Problem description:
Would you repeat word for word the lines of the listing that follows, from the one with "Nhìn từ trên" up to and including the one with "Cuadernas: costillas del", and leave out the images?

Records for the exercise:
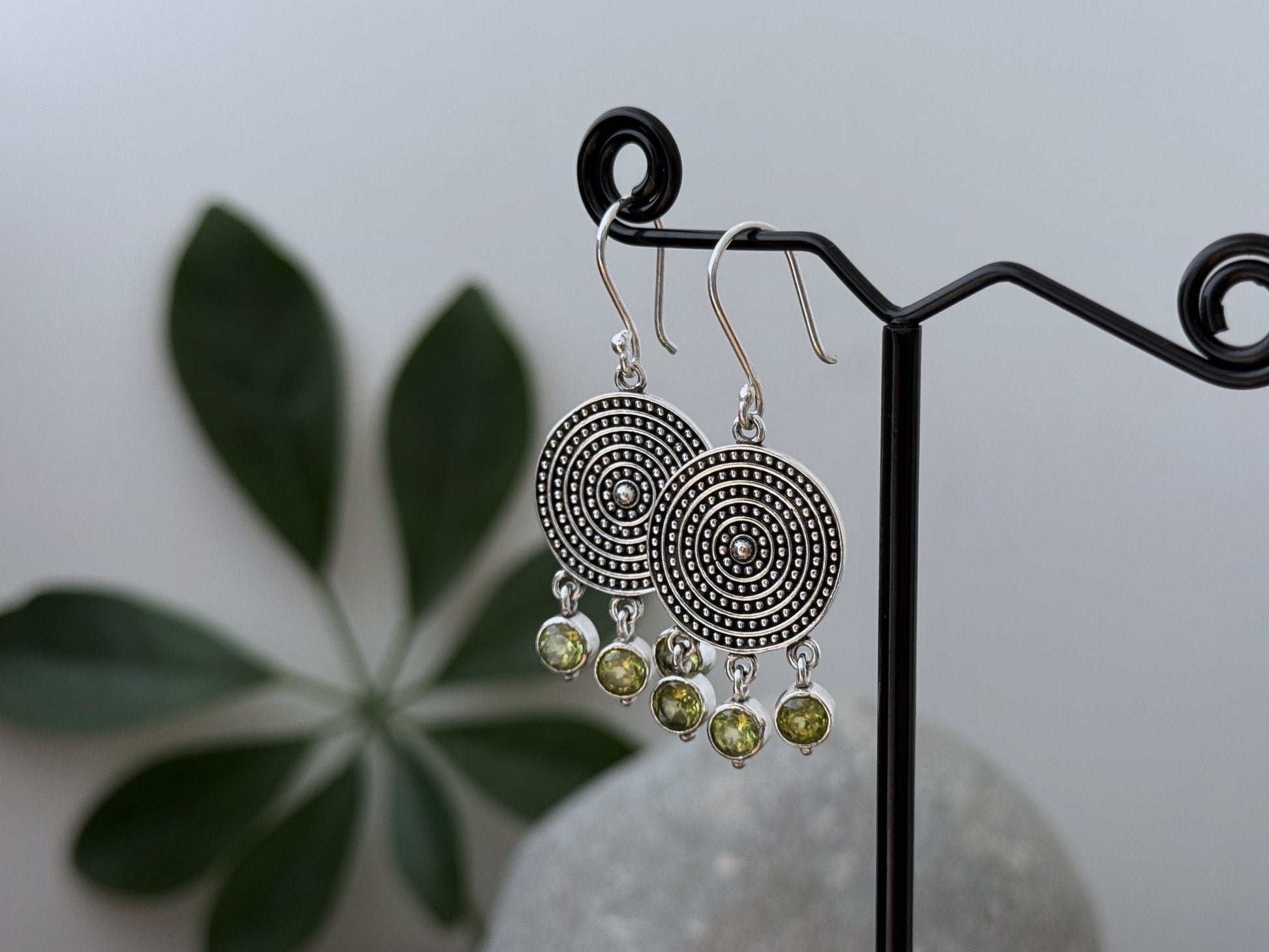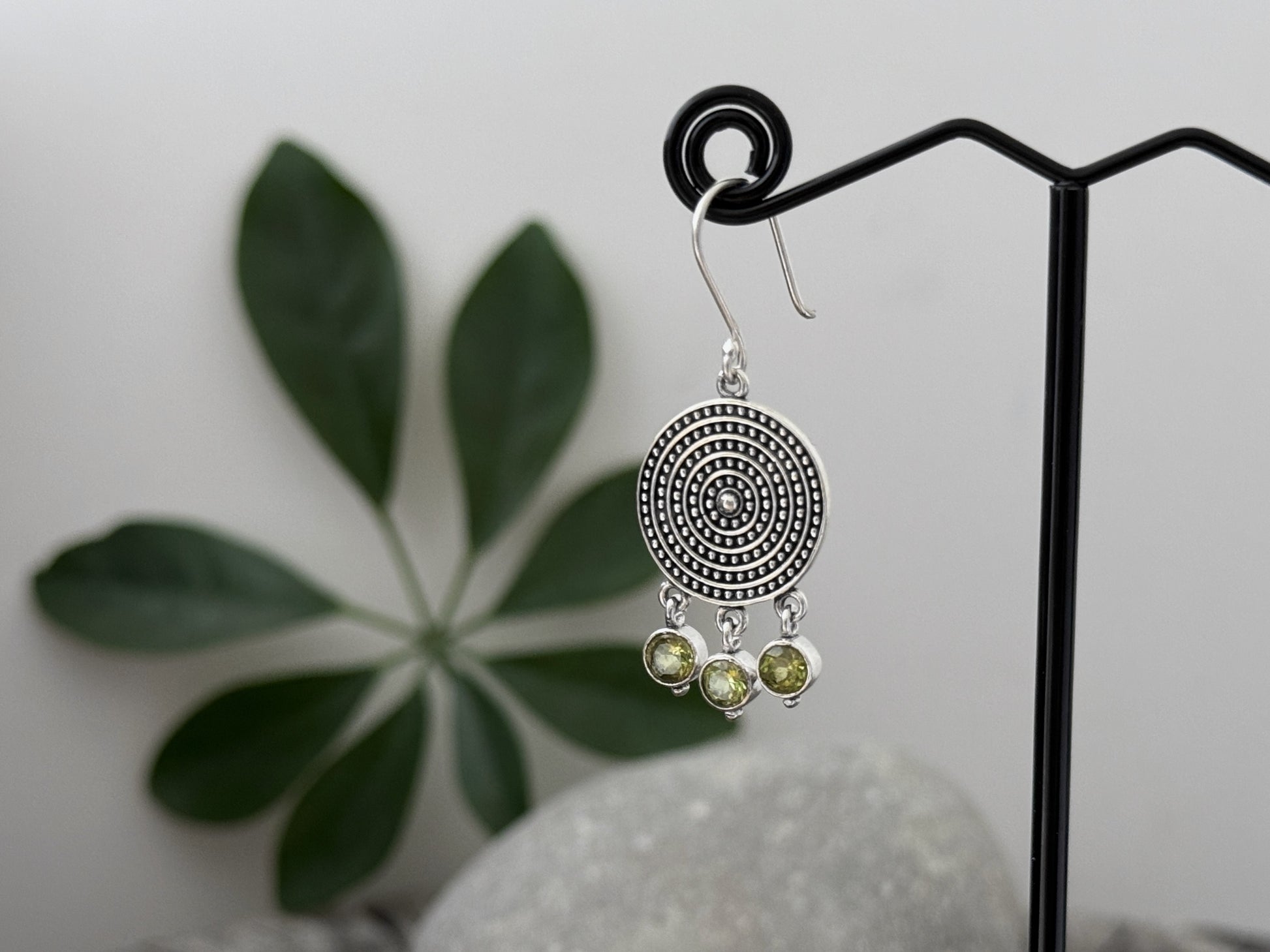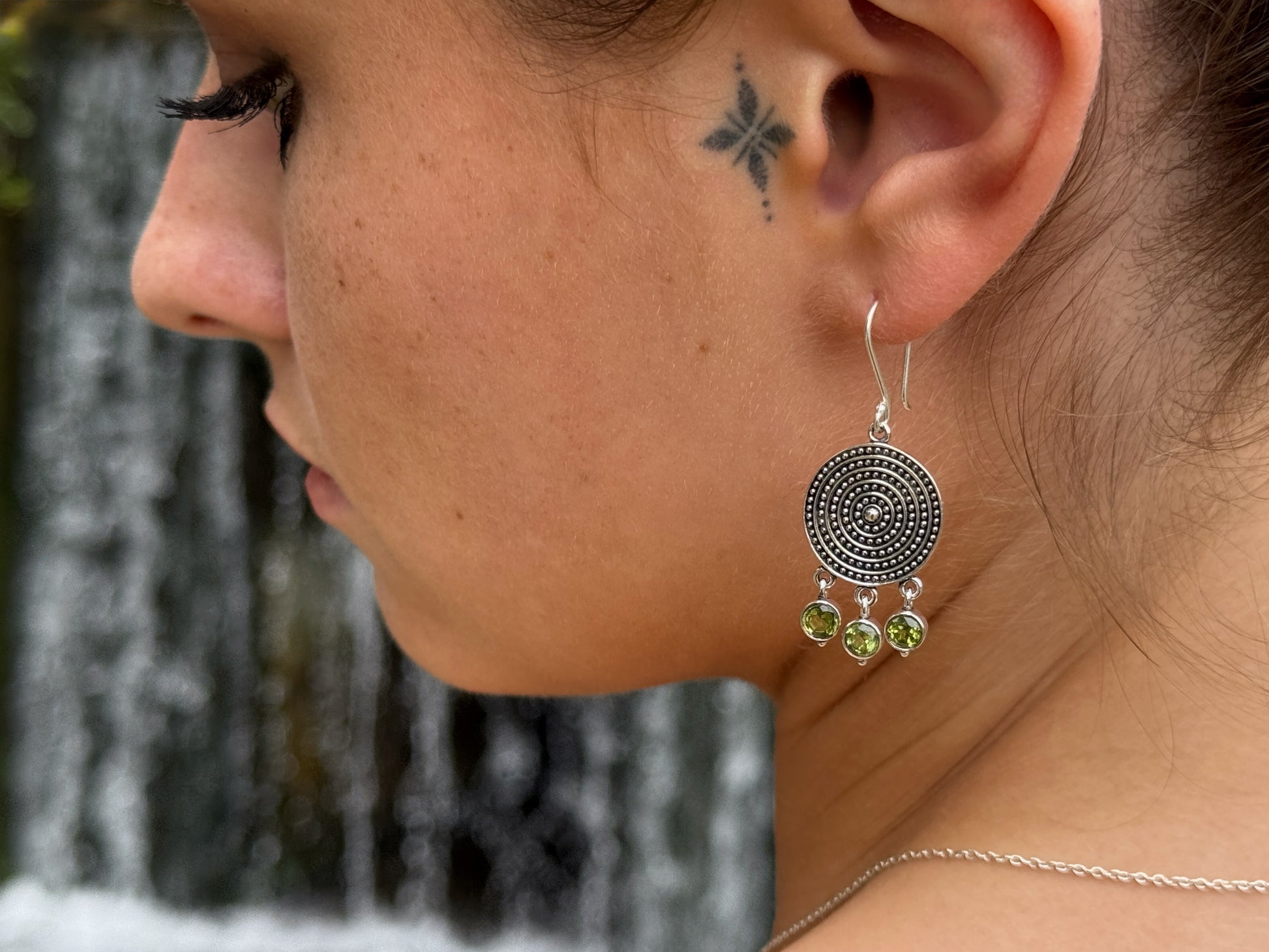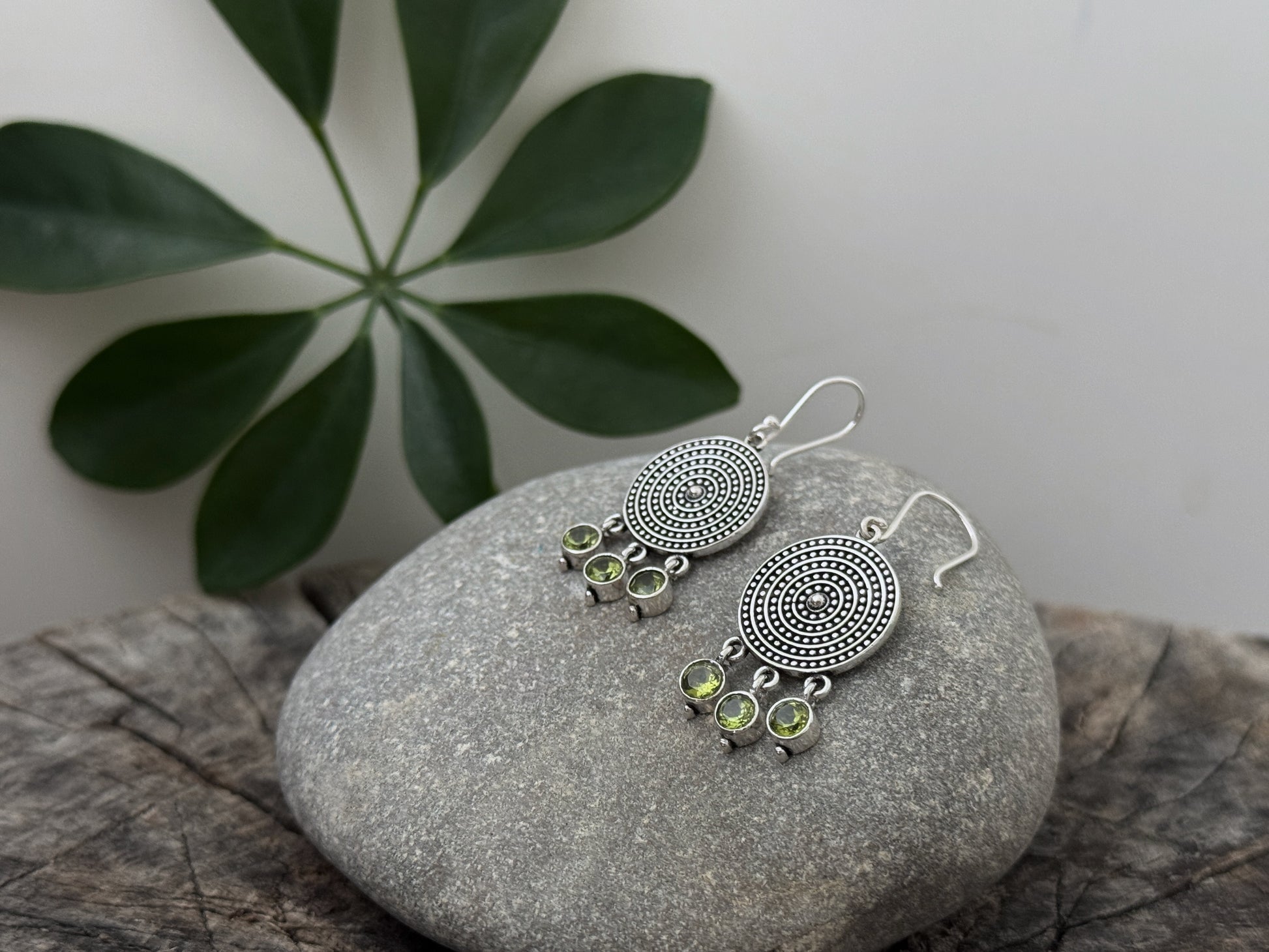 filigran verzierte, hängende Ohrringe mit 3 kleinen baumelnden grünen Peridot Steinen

* * *

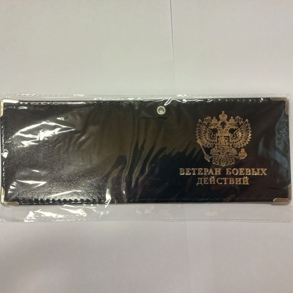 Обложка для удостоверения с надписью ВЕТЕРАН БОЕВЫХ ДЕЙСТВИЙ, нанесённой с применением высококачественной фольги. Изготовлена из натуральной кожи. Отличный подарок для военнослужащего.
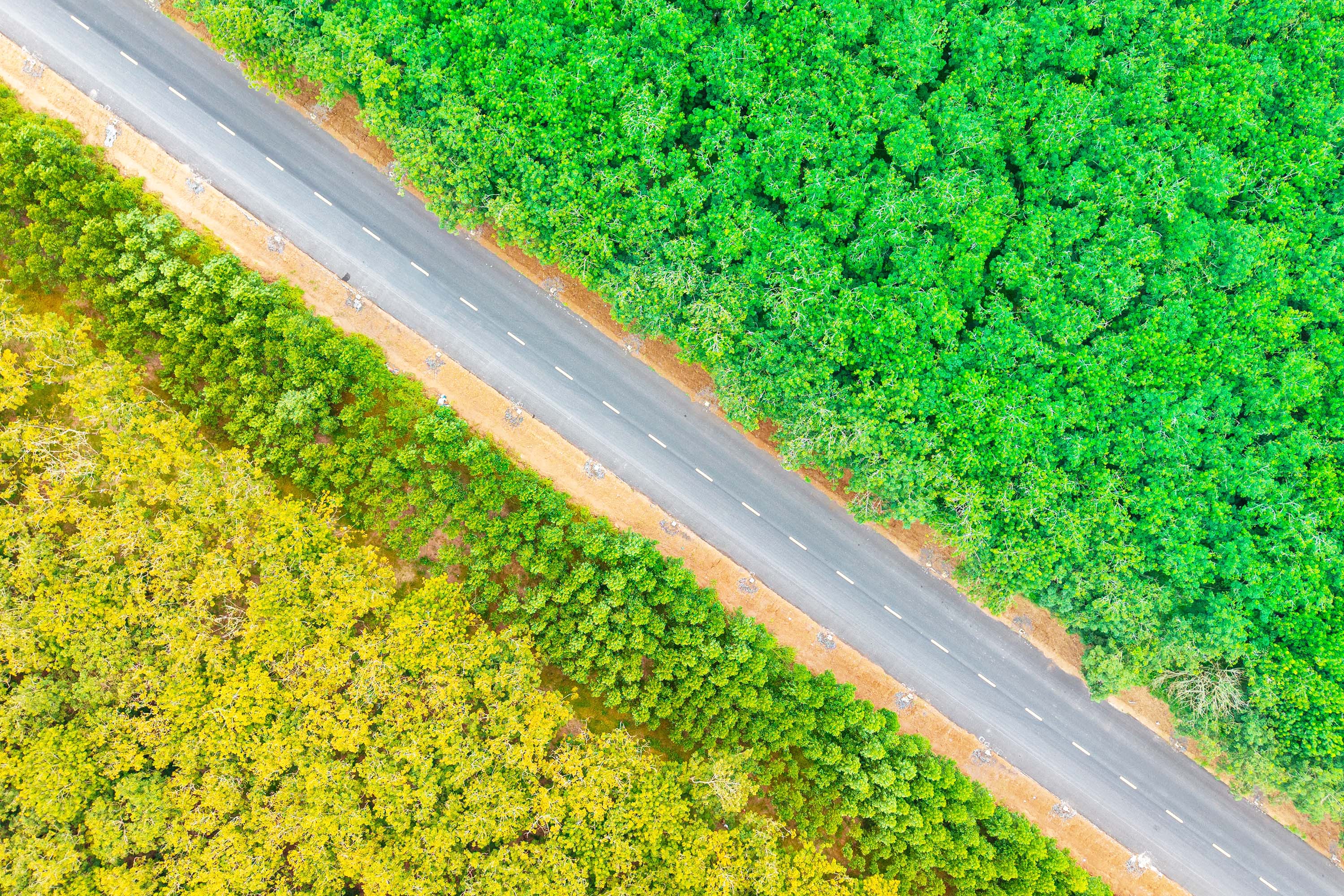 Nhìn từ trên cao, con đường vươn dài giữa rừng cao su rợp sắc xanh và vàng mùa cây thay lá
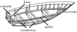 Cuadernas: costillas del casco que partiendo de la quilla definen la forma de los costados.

Response to the exercise:
 Nhìn từ trên cao, con đường vươn dài giữa rừng cao su rợp sắc xanh và vàng mùa cây thay lá
 Cuadernas: costillas del casco que partiendo de la quilla definen la forma de los costados.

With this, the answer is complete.